Поздний развод
На автобусной остановке переминался с ноги на ногу человек в шляпе, он несколько раз взглянул на меня, как я хожу, задрав голову, вокруг шелковицы, а потом подошел и, зацепив нижнюю ветку, согнул ее и так держал, старик, от него шел какой-то странный запах, по-моему, он давно не мылся, но ветку он мне согнул, и я, достав свой нож, быстро срезал множество свежих и мокрых листьев. Их как раз хватило, чтобы плотно набить оба кармана.
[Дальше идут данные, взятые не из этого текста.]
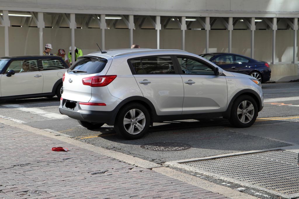 The crash happened at the intersection of Wilson Blvd and N. Randolph Street at around 10:30 a.m. A woman crossing the street was struck by a silver SUV and left unconscious and bleeding from the face, according to scanner traffic.

– Ты будешь кормить этим шелковичных червей?
– Ага.
Он подошел ко мне поближе – несчастный, запущенный, грязный старик. Я поплелся домой, а он захромал рядом, пахло от него одинокой бездомностью, и внезапно я ощутил исходящую от него непонятную и опасную тревогу.
– У тебя уже есть коконы?
– Да. Пять штук.
– Скоро они превратятся в бабочек.
– Думаю, что да.
Я не мог понять, чего ему от меня надо.
– Ты знаешь, как это происходит?
– Знаю.
– Ну и как же?
Но я не знал. Тогда он сам начал объяснять мне, что происходит внутри совершенно закрытого белого кокона. Он тащился рядом со мной, не отставая. Он даже протянул мне конфету. В эту минуту свет фар папиного автомобиля осветил нас – папа, как всегда, несся как сумасшедший, и автомобиль его остановился вплотную к нам. Дверь машины открылась, и папа, прижимая к себе портфель, выскочил наружу.
– Гадди, что ты тут делаешь?
Старик, шагавший бок о бок со мной, вдруг оказался в стороне. Отец обратился сразу к нему:
– Я могу вам помочь?
Старик начал мямлить что-то невнятное.
– Гадди, чего он от тебя хотел?
– Ничего.
– Где ты живешь?
Отец произнес это очень жестко. Старик, не отвечая, повернулся и потащился обратно.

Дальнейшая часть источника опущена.